Financial companies have been down significantly for the year: Goldman Sachs (GS) has lost 41.8%; Bank of America, (BAC) 52.2%; Citigroup (C), 46%; JPMorgan (JPM), 28.5%. During the same time period, the S&P only lost 7.2%. Investors are concerned about the volatility, moral hazard, leverage, and bets of these post-recession companies. While the government tries to issue warnings that these companies will face penalties for being bailed out, many feel that this is just superficial talk that will be forgotten in the next business cycle. Moreover, only the size of a future bailout (and terms), not the existence of one, is seriously questioned.
Goldman Sachs, in particular, has been met with criticisms since the start of the recession. It has become largely a whipping boy for industry critics, which is unfortunate given the company's strong fundamentals and cash holdings at nearly 1.7x debt. While the corporation has struggled from a volatile market, overbearing scrutiny, and government red tape, I foresee the firm making a strong comeback with high risk-adjusted returns in the near future.
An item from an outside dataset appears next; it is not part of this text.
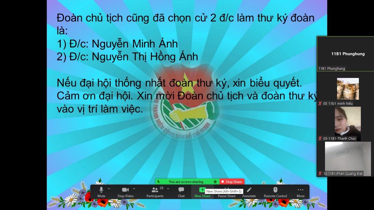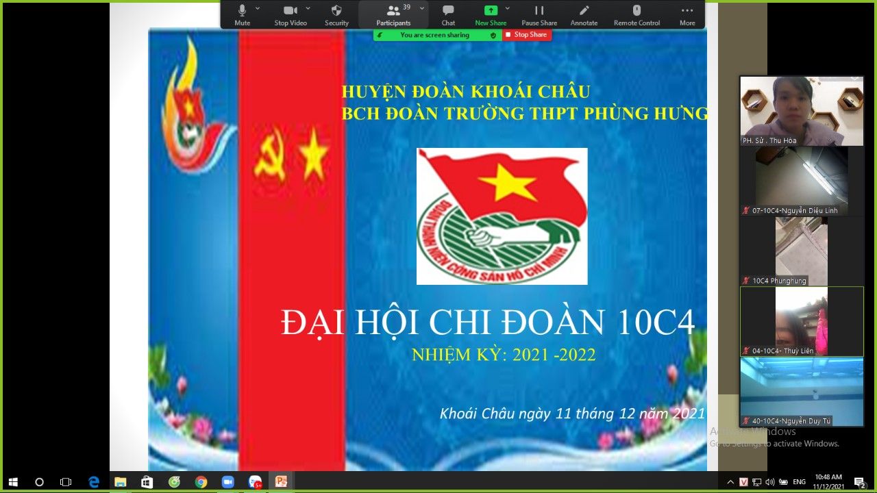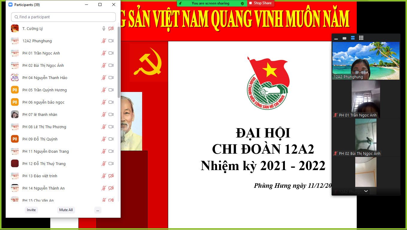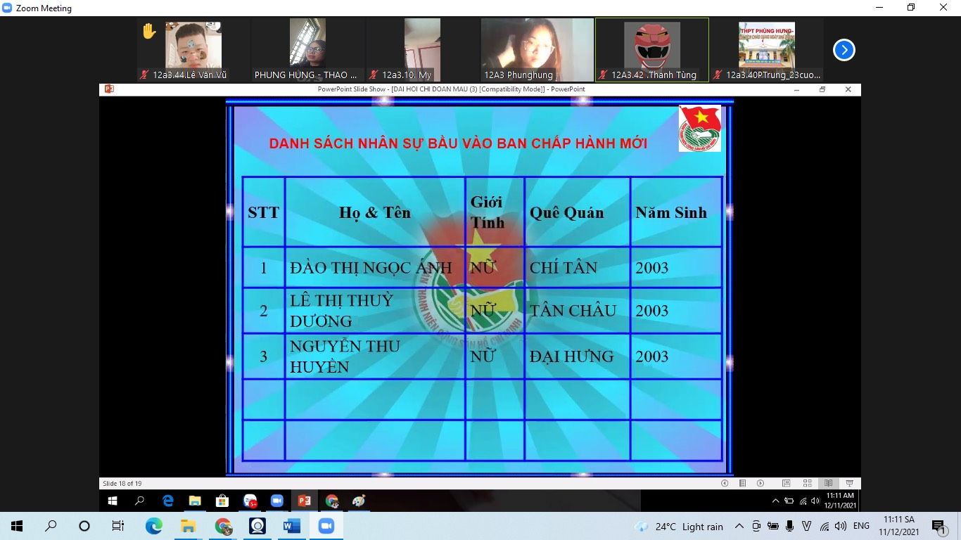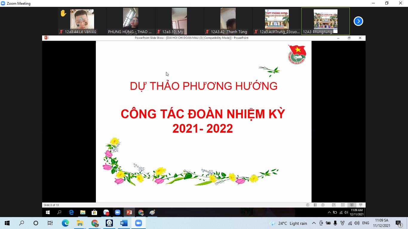 Ngày 11/12/2021 Đoàn trường THPT Phùng Hưng tiến hành Đại hội chi đoàn các lớp vào tiết 5, được tổ chức tại phòng Zoom của lớp dưới sự giám sát của GVCN và Ban thường vụ Đoàn trường dự.

*note: figures in millions of USD
Concerns about the European sovereign crisis and derivatives regulation have accounted for much of this loss in shareholder value. While many financial firms argue that the Volcker Rule will not significantly impact the fundamentals, the market appears to have taken an opposite view. This regulation places restrictions on proprietary trading and alternative investments for banks. A fear about a double dip in the United States is further holding back value creation by lowering demand for investment services in the capital markets. Systemic risk and securities volatility are further adding to investors' reservations about financial companies. But given the circumstances of emerging from a financial crisis, I find that the market has exaggerated risks largely through emotional anomalies. Goldman Sachs still remains a go-to underwriter and innovative service provider.
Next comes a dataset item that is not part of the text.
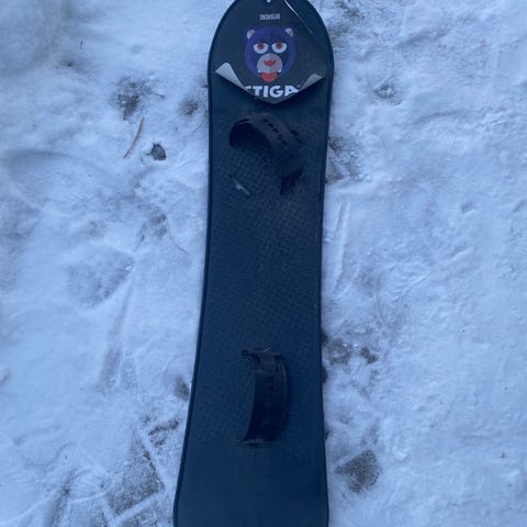 Myydään Stiga lasten ensilumilauta, jossa säädettävät kenkähihnat. Koko: 98 x 22 cm.

Many analysts and investors have also rightly pointed to the resiliency of United States capitalism and the strong business environment as potential catalysts for growth. A silver lining is that while companies may struggle to create value organically with low consumer expenditures, M&A options could provide a next-best alternative and thereby benefit firms like Goldman Sachs.
The leading investment bank has 87% of revenue in the capital markets segment for its peer group. It trades attractively at 9.6x and 6.3x past and forward earnings, respectively. In addition to these multiples, Goldman Sachs has $815.3B in cash while its market cap is $49.5B. Officers and directors also have a strong incentive to create value, as they own approximately 1.1% of the company, collectively. This is a company that I expect to positively surprise long-investors in the near future. I expect regulations to also become less stringent than anticipated, as these firms prove resiliency and a driver of long-term economic growth.
Most analysts rate the company somewhere between a "hold" and a "buy." Consensus estimates for EPS are that it will decline by 29.7% in 2011 to $9.27 and then increase by 65.8% and 7.5% in the following two years. Goldman Sachs also offers the highest dividend yield in its peer group at 1.43%. Given the macro concerns, risk-adjusted returns will be strong going forward for financial companies if they ultimately beat expectations. I rate this company more towards a "buy" given the above beliefs.